Dendias and Kavusoglu accused each other of wrongdoing and spreading “false news” at a press conference.
The scandal over the first visit of a Greek foreign minister to Turkey two years ago. At a joint press conference on Thursday, Nikos Dendias and his Turkish counterpart Mevlüt Çavuşolu accused each other of misconduct in major disputes such as the gas dispute and immigration policy. Relations between the two countries have been strained for years.
The government in Athens accuses its neighbor of conducting illegal research on natural gas in the waters of the Greek Special Economic Zone. Ankara argues that the explored areas belong to the Turkish continental shelf and that Turkey has the right to exploit natural resources.
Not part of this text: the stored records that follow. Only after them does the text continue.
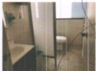
VISTA GENERAL DE OFICINAS ADMINSTRATIVAS Y SANITARIOS PERSONAL LABORAL EN GENERAL PLANTA BAJA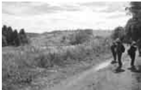
秋晴れの 黒岩高原を散策

10月16日(日)、阿波地区との交流ウォーキングが開催されました。当日は晴天に恵まれ、自己紹介などで親交を深めたあと黒岩高原へ出発し、美しい景色を眺めながら山頂へ。山頂では阿波地区の歴史を学習するなど、楽しい一日を過ごしました。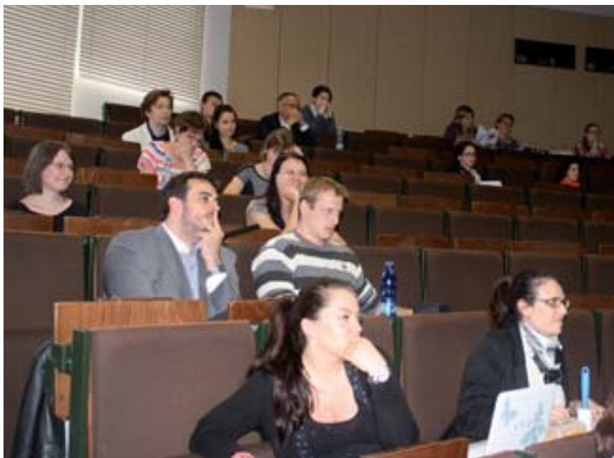
■ Květinův den je tradičním setkáváním mladých farmakologů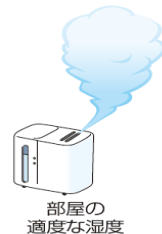
部屋の 適度な湿度

インフルエンザは、主に、咳やくしゃみの際に口から発生する小さな水滴(飛沫)によって感染します(飛沫感染)。普段から“咳エチケット”(①他の人に向けて咳やくしゃみをしない、②咳やくしゃみが出るときはマスクをする、③手のひらで咳やくしゃみを受け止めたなら手を洗うことなど)を心がけてください。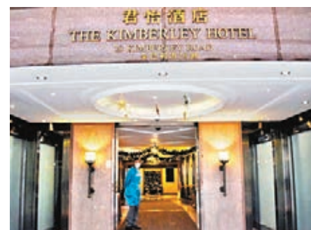
●36間指定酒店均有興趣繼續參與計劃，圖為尖沙咀君怡酒店。資料圖片

他強調，指定酒店控制嚴格，退休紀律部隊和衛生署牙科組別會協助巡查酒店，也有保安和閉路電視作監察，以保證檢疫者不可離開房間。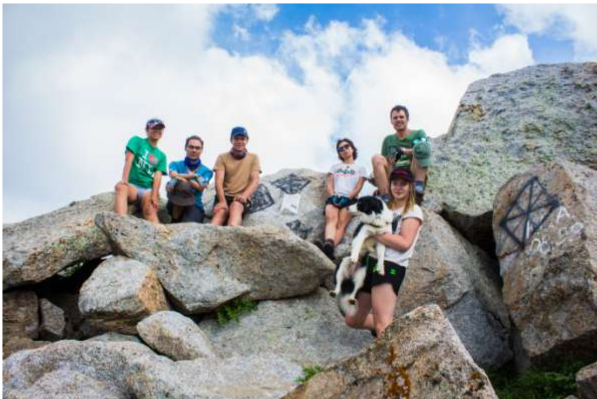
Рис 1. Группа на вершине Кумбель н/к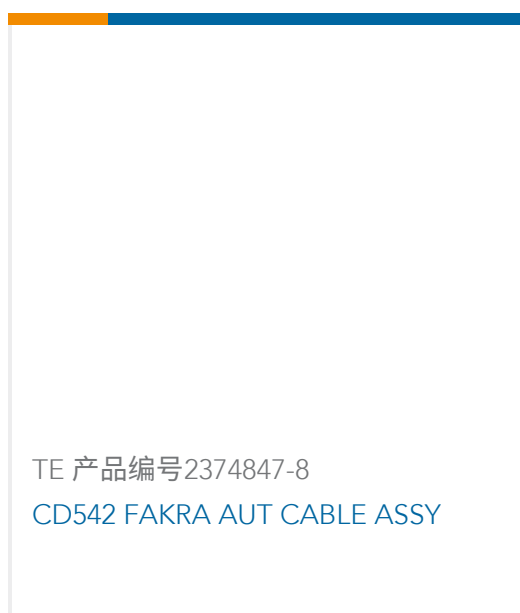
TE 产品编号2374847-8 CD542 FAKRA AUT CABLE ASSY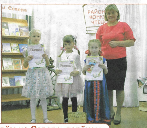
Районный конкурс чтецов «Мы живём на Севере далёком»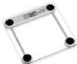
Bathroom Scale AD 8121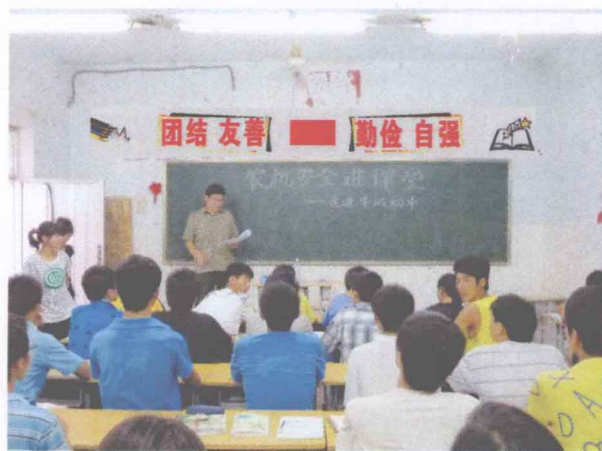
给学生上一堂农机安全课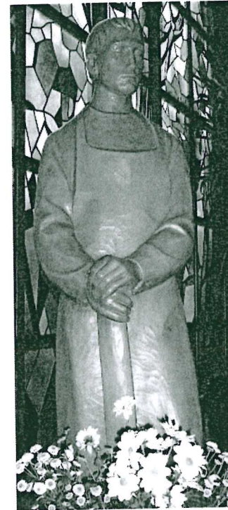
St. Josef, Heide

Seniorenachmittag: An jedem 2. Mittwoch im Monat um 15:00 Uhr in Heide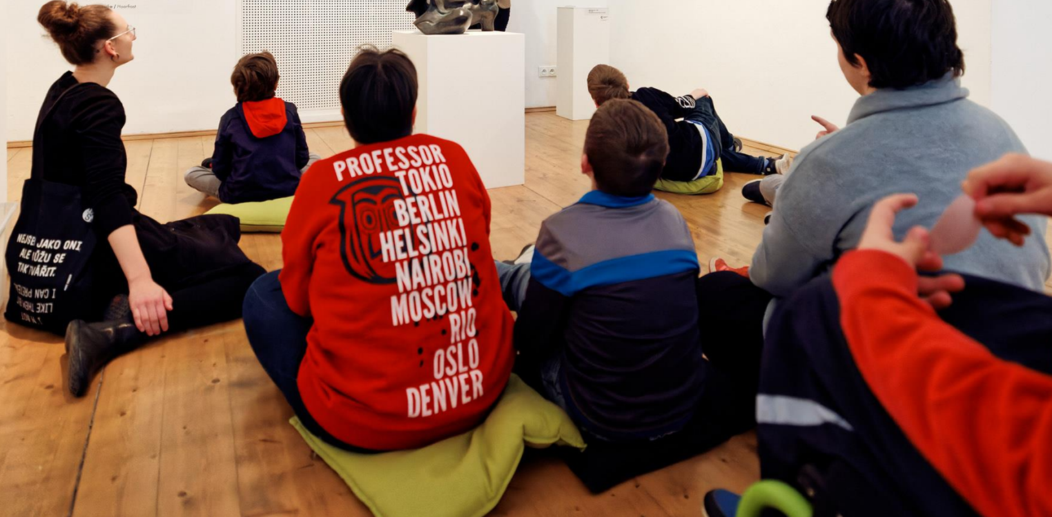
At colonic What in this of

NEJDE JAKO ONI ALE MŮŽU SE TAK VÁRIT. I CAN PRESENT LIKE THEM DON'T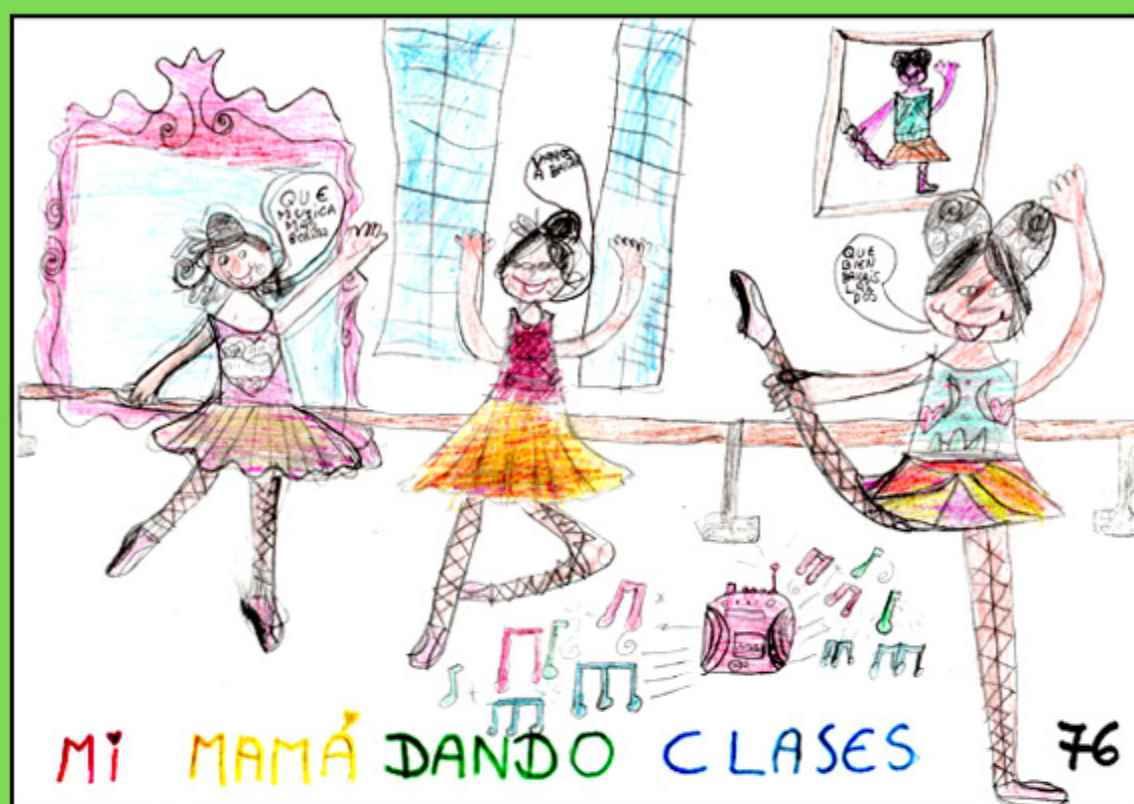
Premio Categoría 1ª Primaria XI Concurso

The conflict brought the two countries to the brink of a military confrontation last year, but it has eased again recently.
Während beide Politiker zu Beginn der Konferenz noch eine positive und konstruktive Atmosphäre lobten, eskalierte das Gespräch schnell, nachdem Dendias die Türkei etwa ermahnte, keine “Fake-News” zu verbreiten zessen zu verbreiten, “be die wen to have”. In addition, “the Cyprus issue must be resolved once and for all” and refrain from “provoking this region as well.”
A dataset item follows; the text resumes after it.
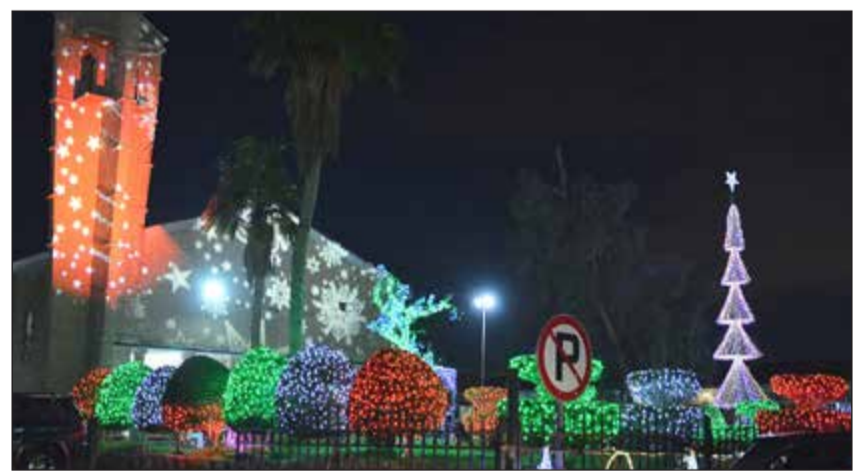
الأحمدي تتلألأ بالأضواء احتفالا بالأعياد الوطنية

رفع أعلام الكويت ودول مجلس التعاون وإطلاق فريق من أبناء وبنات مدارس منطقة الأحمد التعليمية الأمازيغ والصباحات والأغاني الوطنية.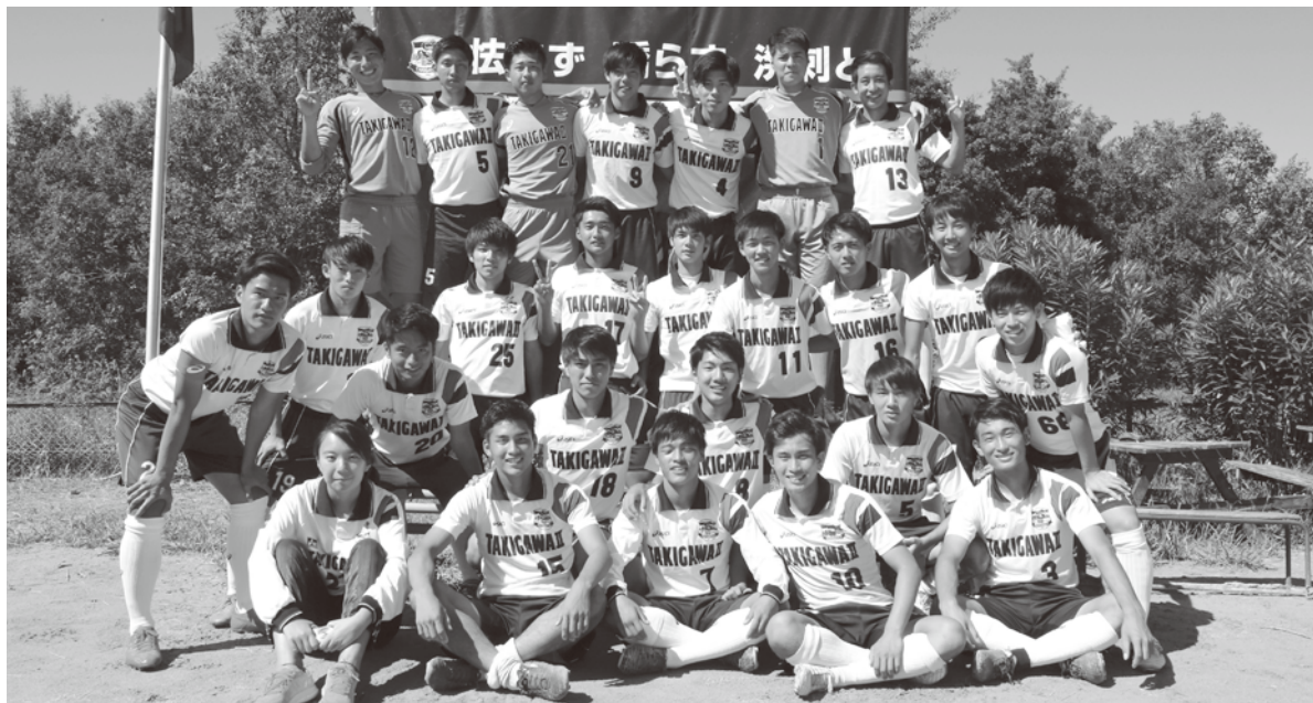
未来へはばたけ33回生

Kavusoglu, who had called his old friend Dendias at first, responded and said he wanted to have the conversation in a friendly atmosphere. Unfortunately, Niko Dendias made in his letter totally unacceptable accusations against my country. He accused Greece of violating international law and “throwing people overboard.” The Turkish foreign minister said that they did not want to discuss this in front of the press, “but you are standing here and accusing Turkey in front of the press, of course, for carrying a message to your country. I cannot accept that.”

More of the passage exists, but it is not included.